A man in a huge, dark Parker with the hood pulled shut like Kenny from South Park, two foot from the car. All the guy needed was a machete and it could have been Urban Legend. You know that whole killing lovers in a car thing - that was based on a real person: the Zodiac Killer.
Then another guy appears at the other window, just staring in.
Ooookay.
So we back out and head up the road to a deserted car park. Nobody around. Start making out and - OMG! There's somebody standing by the window!
I was more than a little perturbed by this point. Was like Night of the Living Dead. So we once again move further up the hill to a parking area. I'm finding it a little hard to get in the mood.
He says it was just the local security guys and that they probably wouldn't have recognised me. Ermn, hellooo - I glow in the dark. Little hard to miss.

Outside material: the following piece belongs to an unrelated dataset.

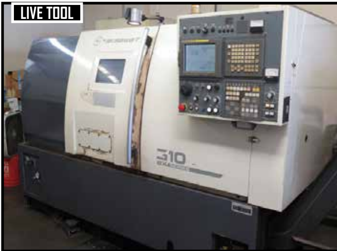
Takisawa-T EX-310 Live Turret CNC Turning Center w/ Fanuc Series 21i-TB Controls

It was funny and disturbing all at the same time. There's a guy and a girl clearly having some private time so you do your very best to scare the crap out of them. You know, there are internet movie sites for things like that people! Mind you, with MTN's download speed it's probably left a nation in frustration.
Deary me.
So to feign innocence he dropped me off at the petrol station down the road and I took a moto home lol I do feel rather ashamed, lowering the tone of the neighbourhood. This is the third bloke I've brought home since I moved in. I think my guard's a little confused. But what's a gal to do? Trials and tribulations of the heart... *wistful sigh*
Right, I'm off to Nakumatt today to see if I can get them to stock our dictionary. Big conference on the Disability Census tomorrow, then all quite quiet again until the funding comes in. I'm at a loss what to do with myself since I finished my book. Could start another I suppose, but going to get this one proofed and opinioned first.
Weather's been soooo hot since I got back. Every road is like walking down a powderpuff and my bread's turned to toast. Desperate for some rain, roll on the wet season!